The cemetery is surrounded by housing developments now, but at one time all that land was Vista Glen Farm, handed down the Schwenkfelder line from the 1700s until my mother’s grandparents, Harold and Ethel Kriebel, retired from farming and sold the land. When she was a small child, the age my daughter is now, my mom (a.k.a. “Little Becki” in the stories she tells my children) lived on that farm with her parents and older sister in one side of the farmhouse, and her grandparents in the other.

Luthien, Silas, and my mother, "Little Becki"

Luthien, Silas, and my mother, “Little Becki”

Here on this land, Little Becki played and explored. On the day we visited, grown-up Becki cried, flooded with memories as she stood in front of a row of gravestones resembling a series of books – the headstone of her grandparents, next to that of her great-grandparents, next to that of her great-great grandparents.

Her own mother, my grandmother Thelma, will probably not be buried here, because she made a choice that redirected the long line of German Schwenkfelder roots that she could trace back to the 1500s. Thelma married a Mennonite boy named Sam, who died when I was four and is now buried elsewhere. I imagine she wants to lie down next to him when it’s time. Until I stood in front of that headstone series, I hadn’t felt the significance of my grandmother’s redirection of the line.

There are six Schwenkfelder churches in the world, with roughly 3,000 members, and all are in southeastern Pennsylvania, where the Society of Schwenkfelders was formed in 1782. This is a long-held, short-ranged tradition. When Thelma married that Mennonite boy Sam, and together they joined the independent Baptist church, it forever altered the line. Now I, two generations removed, stand on the outside of the religious tradition of my forebears, looking in. Instead, I grew up an insider to the fundamentalist tradition towards which my grandparents turned the line, often wanting out.

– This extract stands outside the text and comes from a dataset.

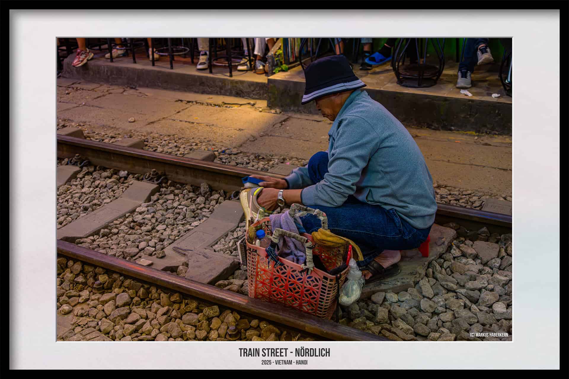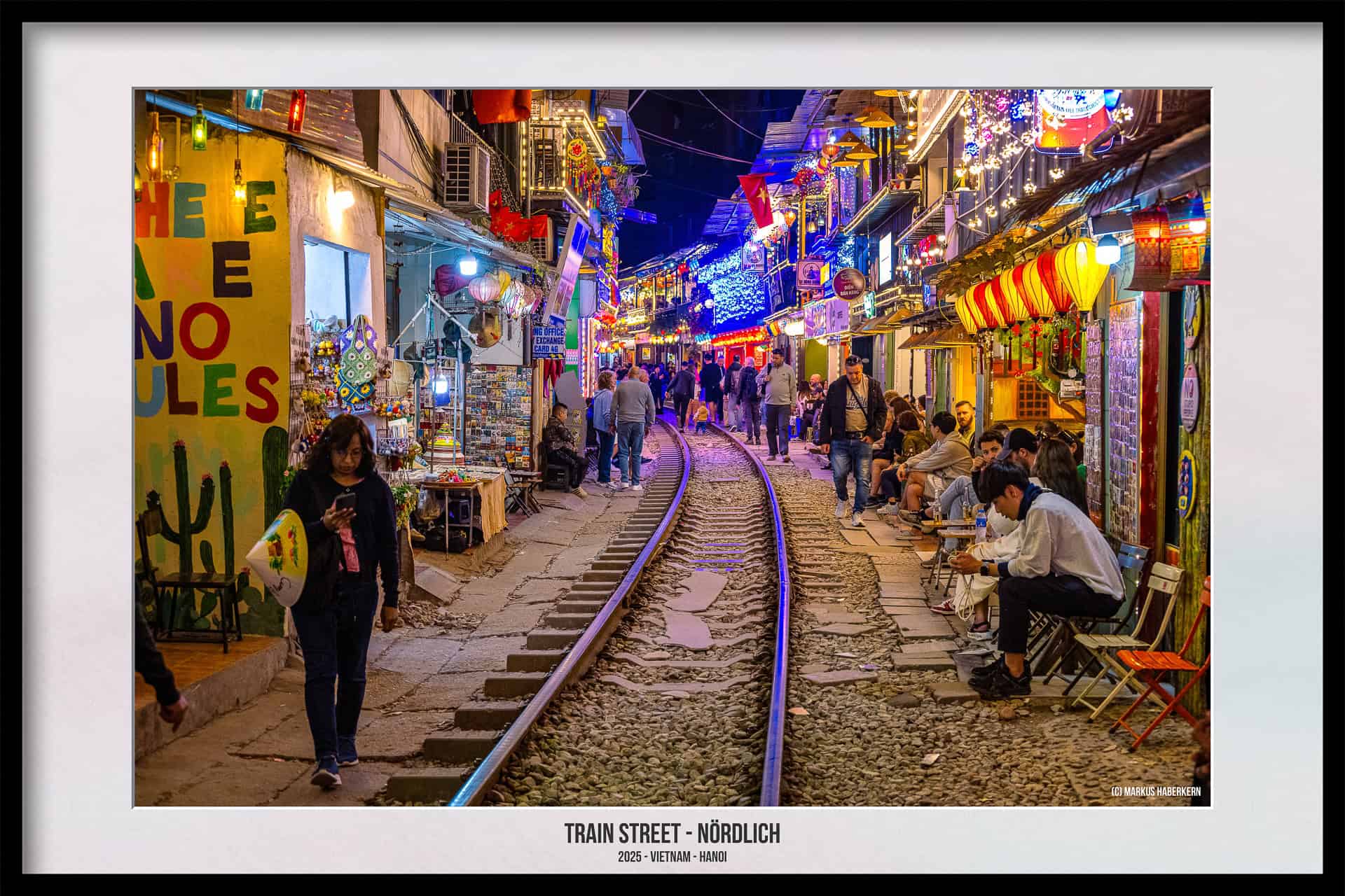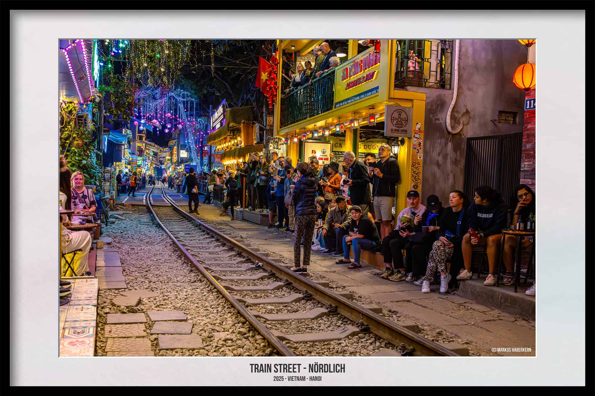 Die Geschäftsleute der Cafes und Einkaufsläden achten auf die Einhaltung der Sicherheit. Sie sind dabei sehr engagiert, ist doch der ungestörte Betrieb der Strecke in ihrem eigenen Geschäftsinteresse. Und in eurem Interesse sollte es liegen, euch nicht in Gefahr zu bringen. Es gibt keinerlei Absperrungen und die in vielen Reiseführern beschriebene gelbe Linie, gewissermaßen als Sicherheitslinie, haben wir bei unseren Besuchen im Jahr 2025 nicht gesehen.

Me, Silas and Luthien at my great-grandparents' gravestone, Towamencin Schwenkfelder Cemetery

Me, Silas and Luthien at my great-grandparents’ gravestone

But I would not exist at all had it not been for her love and life with Sam, or for their little Becki’s union with Larry, my father. And now, because I chose Nathan, the son of Steve who himself redirected a long line of Minnesota Swedish immigrants by marrying JoAnne, there are two beautiful people in the world named Luthien and Silas.

Lately I’m very interested in tracing these lines. I’ve started searching for more genealogy information not just for my family but also for Nathan’s, and I find it fascinating to learn about the people from whom my children are descended.

Just as fascinating, I expect, are the people who may yet live because of the straightaways, twists and turns these lines have yet to take. They are lines of genes, traditions, ideas, sins and good works. Passed down the generations, woven in every union, birthed in every child, they make a living, changing, collaborative work of art full of beauty and shame, glory, struggle, pain and pride.

These lines are only in our hands for a little while. May we hold – and redirect – them well. And thank God they can always be redirected, or held, further down the line.